43.決戦当日--08-断罪
エルキュラート家の貴賓室は、ただならぬ雰囲気が漂っていた。
やらかしまくりのマルガリータに呆れるラフィリルの一同。
恐怖に引きつる召使たち。
マルガリータに腹を立てつつも焦りながら詫びるデルアータ国王夫妻。
「ダルタス殿、ルーク殿、本当に申し訳ない!このような無知で無学なものが我が国の、ましてや形だけとはいえ宰相の妻だなどと」
その言葉にマルガリータが聞き捨てならないという風に眉を寄せた。
「形だけとはどういう事でしょうか?私は正真正銘、カルム様の妻で公爵夫人ですわ!」とマルガリータが国王に抗議した。
「お黙りなさい。マルガリータ、不敬ですよ!貴女ごとき身分のものが直に陛下と口を聞くなど!」と王妃が窘めた。
「其方が、カルムの妻だと?カルムの妻は今も昔もエマリア殿ただ一人だ!馬鹿な事を申すな!そもそも公爵家当主のカルムが其方のような女を本気で相手にする訳がなかろう!正式な婚姻の許可など私は出しておらぬし、申請もされておらぬわ!」
「そんなっ!でも私はカルム様と結婚式も挙げましたわ!」
「それが、何だというのです?正式な妻で公爵夫人と名乗るには国王と大司教の許可と祝福がいります!さほど身分も高くない子爵家の出身とは言え貴族の端くれなのですから、それくらいの常識わかっているはずでしょう?」と王妃が言うとマルガリータは目をパチクリさせた。
「は?」
「は?では、ありません!まさか、本当の本当にそんな事すら知らなかったと言うのですか?」王妃が驚愕の表情でマルガリータに問うた。
「し、信じられないっ!ひどいっ!私は騙されていたと言うのですかっ?」とマルガリータが怒りを含んだ声で金切り声をあげる。
王妃は思った。
信じられないのはこちらの方だわと!
あのエマリア様のあとに正妻として本気で迎えられると欠片でも思っていたのなら、そっちの方が信じられない。
あんなにも完璧なエマリア様の後で…。
王妃になるべく教育を受けてきた自分ですらエマリア様と比べられたらとても敵わないと思うほどなのにである。
「騙すも何も、そもそも子爵家出身の貴女が、どこぞ伯爵家以上の養女にでもなる手筈でも踏まない限り、王位継承権すら持つ公爵家当主の正妻になどなれる筈もないではありませんか」と王妃が言うとマルガリータは心底、傷ついたような声をあげた。

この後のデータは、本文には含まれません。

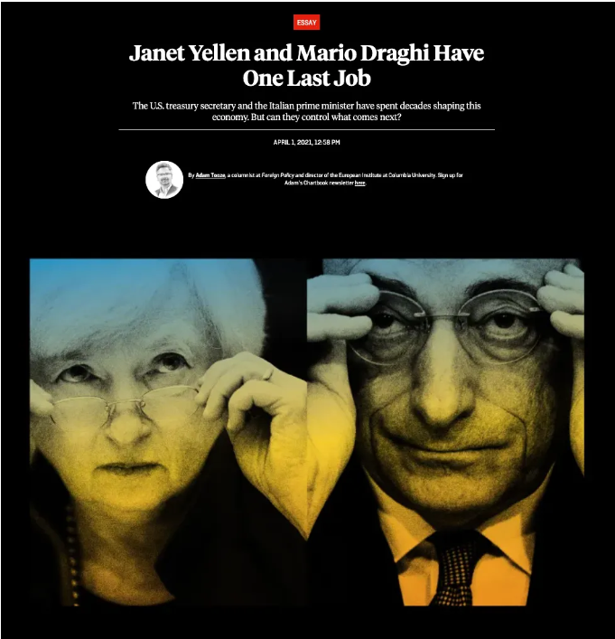옐런에 대한 확장된 해설은, 2021년 8월에 포린 폴리시에 실린 옐런과 마리오 드라기에 대한 이중 초상화에서 다룬 바 있다.
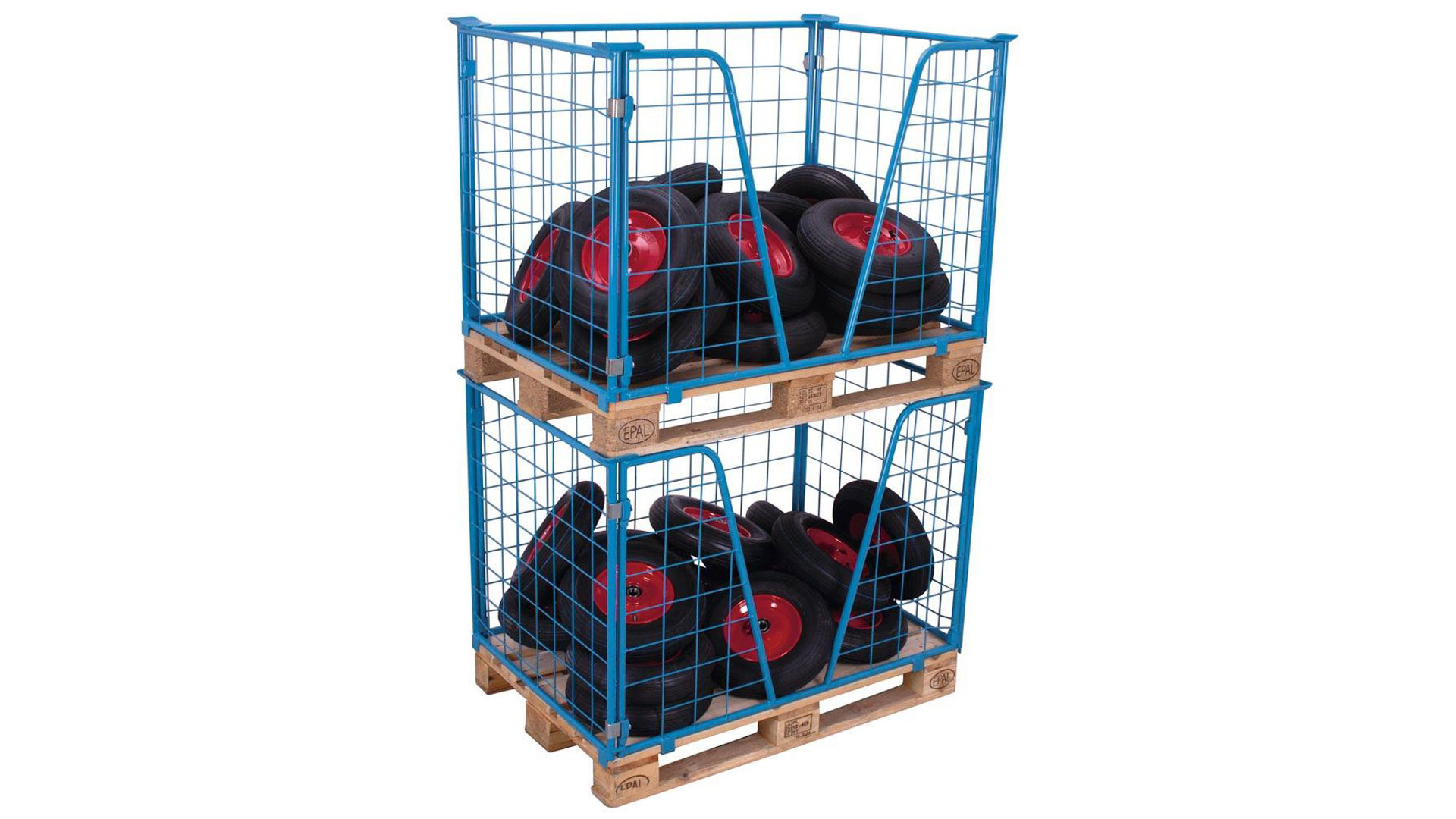 Produktinformationen "Palettenaufsatzrahmen für Europalette - 750 kg - Höhe 1.200 mm - 3-fach stapelbar - Gitter m. V-Ausschnitt - lichtblau"

「そ!そんな!では、一体、私は何だったと言うのです!」
「少なくとも公爵夫人と名乗ってよいものではない!良くて”妾”か”愛人”だろう!」と国王が言うとマルガリータはわなわなと震えだした。
「な!ななな、何ですって!」とマルガリータはわなわなと震えた。
「そんな…そんな筈はありませんわ!カルム様は、私を愛して…」
そう言うマルガリータの姿は哀れで、若干なりともルミアーナやイリューリアの同情をかった。
「さすがに、それは、可哀想じゃない?」とルミアーナが眉をしかめた。
そもそもルミアーナは身分がどうのこうのと言うのは嫌いなのである。
あまりにも人の心を無視している気がするのだ。
イリューリアに至っては尊敬する父が、そんな女性の気持ちを蔑ろにするような形だけの結婚をしたのかと義母に同情すらした。

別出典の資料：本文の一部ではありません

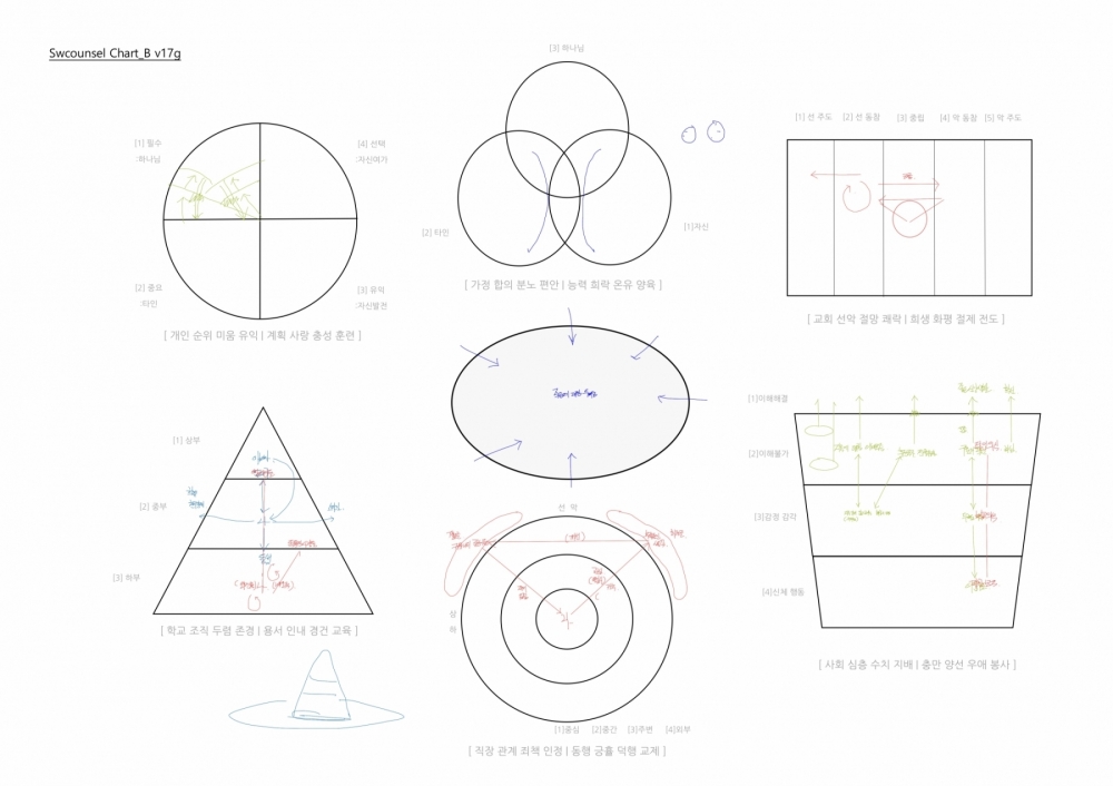 신형상담학교 상담질문지 v9c ________________________________________________ |C4사역| |F4사명감당| |G4책임상급| |L4실천사역| |C3성경공부| |F3성령충만| |G3은사인도| |L3은혜결심| |C2예배| |F2구원의확신| |G2죽음부활| |L2감정욕구| |C1전도| |F1하나님믿음| |G1창조심판| |L1영역분류| 1. [영역] 당신은 현재 어떤 분야의 일에 대해서 많이 괴로워하거나 노력하거나 생각하고 있습니까? [ 개인 가정 교회 학교 직장 사회 ] 2. [분류] 1번에서 답한 영역에 대해서 생각해 볼 때 그것은 어떤 분류에 해당한다고 생각하십니까? [ 순위 진로 선택 관계 조직 심층 ] 3. [감정] 2번에서 답한 분류에 해당하는 문제 속에서 당신이 느끼는 기분이나 감정은 어떤 것입니까? [ 미움 분노 절망 0두려움 죄책감 0수치심 ] -두려움: 형 -수치심: 선생님과 학생들 4. [욕구] 3번에서 답한 감정에 대해서 생각해 보면 당신이 그런 감정을 느끼는 이유는 무엇을 추구하기 때문일까요? [ 유익 편안 쾌락 인정 지배 존경 ] ___________________________________________________________________________ 5. [은혜] 4번에서 선택한 욕구를 버리고자 할 때에 당신은 하나님의 어떤 은혜가 필요하다고 생각하십니까? [ 계획 능력 희생 용서 충만 동행 ] 6. [결심] 5번에서 선택한 은혜를 통해서 생각해 볼 때 당신이 앞으로 정말로 이루기를 원하는 마음은 무엇인가요? [ 사랑 희락 화평 인내 긍휼 양선 ] 7. [실천] 6번에서 선택한 소원을 가지고 당신은 삶속에서 …
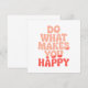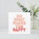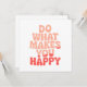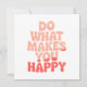Dê mais atenção ao dia de alguém com este cartão de saudação alegre e eloquente com a inspiradora frase "Faça o que te faz feliz" em letras vibrantes e coloridas. Quer você esteja dando a um amigo ou usando-o como um lembrete diário para liderar com bondade, este design transmite uma mensagem de encorajamento, alegria e boas vibrações.
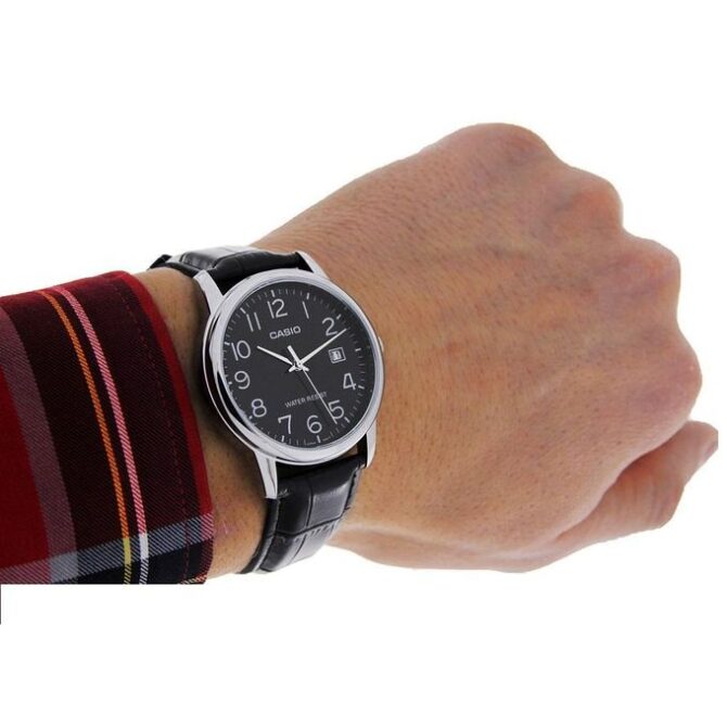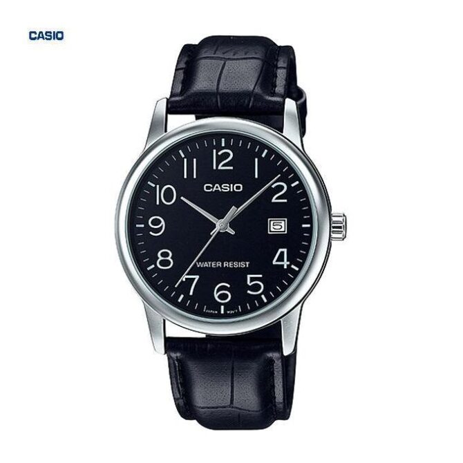 Casio Montre Homme Bracelet en cuir Cadran noir 3aiguilless Étanche-mtp-v002l-1budf
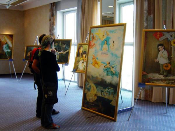 九月底的周末,真善忍国际美展在帕绍市的假日酒店 ( Holiday Inn)举办。美展给来宾留下了深刻的印象。一位艺术家接到画展介绍资料后,立即赶来参观,他说,他非常欣赏画作“天人合一”。作为艺术家,就应该表现正的,这是他努力的方向。他认为,画作“天人合一”就是一幅将艺术导向正路的佳作。
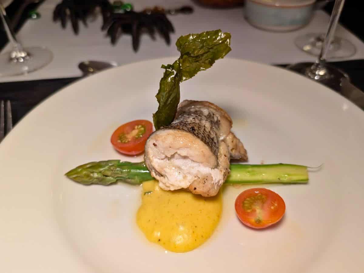 A piece of cooked fish served on an asparagus spear with yellow sauce, cherry tomato halves, and a leafy garnish on a white plate—an elegant dish you might savor aboard a Delfin Amazon River Cruise, the ultimate bucket list experience.

「それは…あんまりじゃ…」とイリューリアが言いかけた。
その言葉を、ルークが遮った。
「…黒き魔力にすがって得た関係などに愛情など皆無だろう?」と静かに低い声で呟いた。
いかにも不愉快そうな口調と冷ややかな眼差しで…。
ルークの言葉にマルガリータは、一瞬、さっと顔色を青くした。
思い当たることは、そう”黒魔石”の事である。
「え?ルーク、一体それは、どういう意味ですか?」とイリューリアが訪ねる。
ルークはその冷たい表情をとたんに緩め穏やかで優しい口調になる。
「この世には魔法と言う不思議が確かに存在している。これは、わかるね?」
「え、ええ。もちろんよ。貴方がいきなり銀の光を纏って現れたのも見たし、私を訳のわからない呪いから救ってくれたのも貴方の魔法のお陰ですものね?」
「この世界には決して使ってはならない禁忌の魔法というものがある。それは、死者の復活と呪い…。人の心を魔法でねじ曲げる事だ…」
「え?それって?」
そして、ルークは、静かに語り出した。
マルガリータが"黒魔石"を使って願い叶えてきた数々の事を…。
それは、そこにいる全ての者が言葉を無くす程の内容だった。